_Exercise directions_
Of the entries below, return exactly those lines that fall between the one containing "本案以稳重的港式原木色家具搭" and the one containing "欧美跨境夸张时尚个性潮流金属大花朵胸针秋冬简约高级感胸花配饰", the two end lines included.

_Provided records_
------------------------
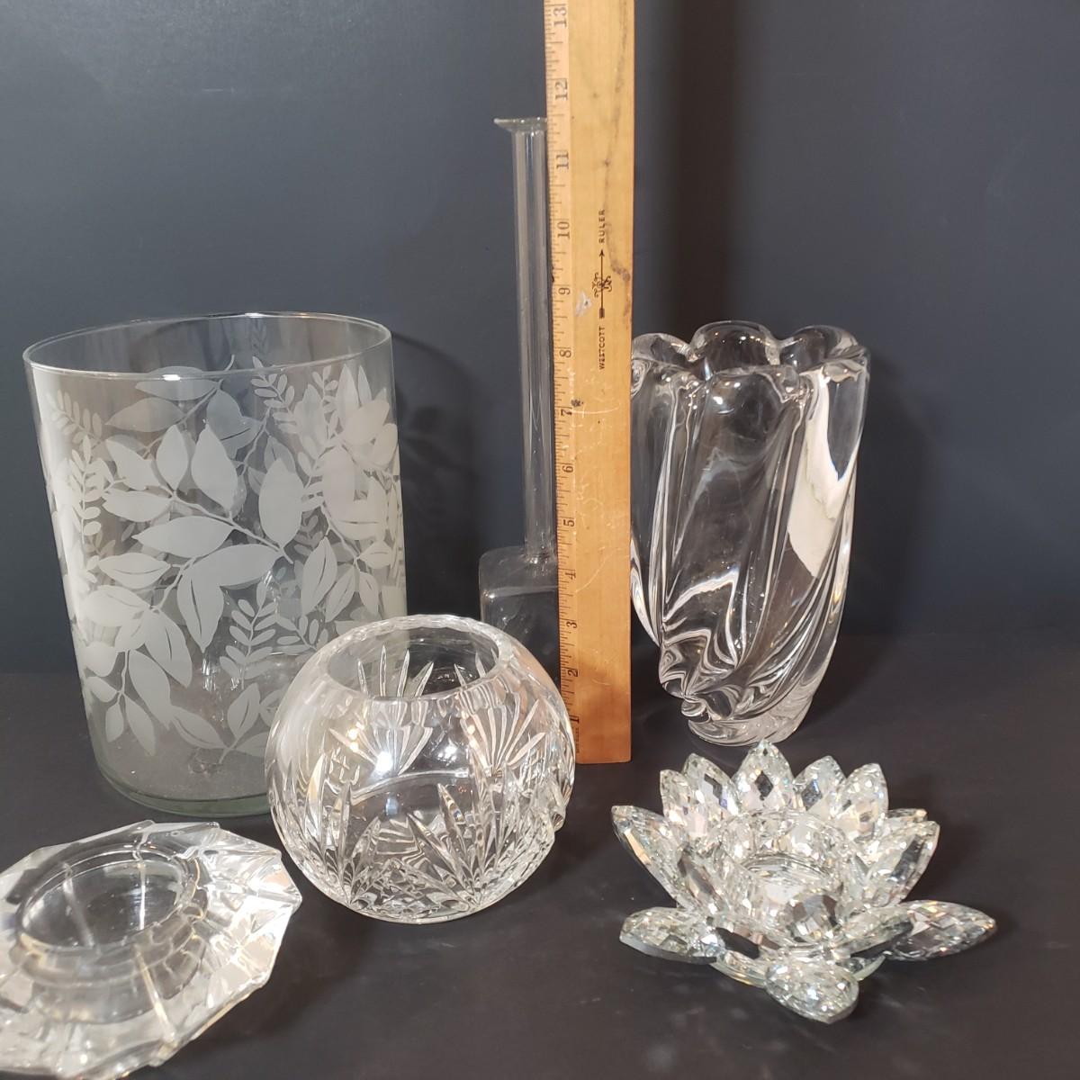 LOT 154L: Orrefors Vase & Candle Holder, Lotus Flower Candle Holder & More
------------------------
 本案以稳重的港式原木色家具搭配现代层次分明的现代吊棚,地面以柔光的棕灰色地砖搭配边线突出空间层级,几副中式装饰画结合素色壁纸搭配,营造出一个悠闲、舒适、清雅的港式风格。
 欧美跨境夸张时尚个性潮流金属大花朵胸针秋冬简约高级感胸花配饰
------------------------
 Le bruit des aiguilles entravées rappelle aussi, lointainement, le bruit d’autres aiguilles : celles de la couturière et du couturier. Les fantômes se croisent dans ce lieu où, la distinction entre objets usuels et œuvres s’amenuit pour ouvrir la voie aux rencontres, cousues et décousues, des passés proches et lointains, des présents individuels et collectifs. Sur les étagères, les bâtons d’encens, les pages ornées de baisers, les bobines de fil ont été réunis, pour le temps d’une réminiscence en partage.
------------------------
_Answer below_
 本案以稳重的港式原木色家具搭配现代层次分明的现代吊棚,地面以柔光的棕灰色地砖搭配边线突出空间层级,几副中式装饰画结合素色壁纸搭配,营造出一个悠闲、舒适、清雅的港式风格。
 欧美跨境夸张时尚个性潮流金属大花朵胸针秋冬简约高级感胸花配饰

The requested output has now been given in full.